Jeffrey Cook ’05 CE, ’06 MSCE, manager of Villanova’s Richard K. Faris ’69 CE, ’70 MSCE Structural Engineering Teaching and Research Laboratory, took his first service trip to Honduras as a junior and was immediately hooked. “It was clear to me that it was a very special place. I traveled again as a senior and twice as a graduate student. Each time I visited and spent time with the children, I felt compelled to return.” After finishing his graduate degree, Cook decided to volunteer with ADJ. What started as a one-year stay, turned into a two-year life-changing experience that provided countless memories as well as invaluable lessons. He found daily interaction with the children helped him to better develop and understand the virtues of patience, respect and love. The staff and local community members taught him about hard work, dedication and selflessness. “Those two years were the hardest I ever worked in my life,” he says, “but it helped me to be a better person and a much better engineer.”

Today Cook serves on the ADJ board of directors with Villanova colleague David Dinehart, PhD, professor of Civil Engineering. Cook also has served as an advisor for several groups of engineering students who have worked on the structural design of past and future ADJ projects.

In the 20 years since the building of the ADJ cross, Villanova faculty and students have completed the structural analysis and construction plans for a residence center, chapel and extensive school complex on the orphanage grounds. Unfortunately, since 2012, US travel advisories have prevented student teams from traveling to Honduras, but engineering seniors continued to pursue related capstone projects remotely through 2018.
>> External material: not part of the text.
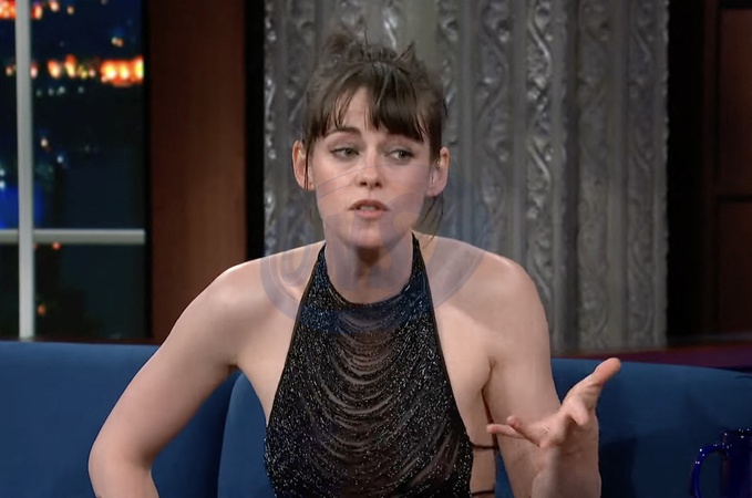 Pictures must credit: CBS Twilight actress Kristen Stewart used a TV chat show to tell trolls "f you” after her controversial magazine cover —posing in a jock strap. The openly gay star, 33, did the pose for US entertainment magazine Rolling Stone. Kristen, who has also played the late Princess Diana in royal movie Spencer, faced a lot of online hate for the photo which referenced her new movie, Love Lies Bleeding. She spoke out when she appeared on the Late Show with Stephen Colbert to promote the crime thriller in which she plays a gym receptionist who gets dragged into a criminal underworld. Picture supplied by JLPPA

Today, Amigos de Jesús has grown from six boys in the mid-1990s to 140 boys and girls in one of the best schools in the country. The site’s 100 acres include 10-plus buildings, which house roughly half of the children who attend school there. ADJ hopes to one day expand with a technical school and high school, and Villanova hopes it will be right there beside them making that vision become a reality.

Adonosito 10 years later (center of photo, blue shirt)

Building the chapel at Amigos de Jesus

It was clear to me that it was a very special place. Each time I visited and spent time with the children, I felt compelled to return.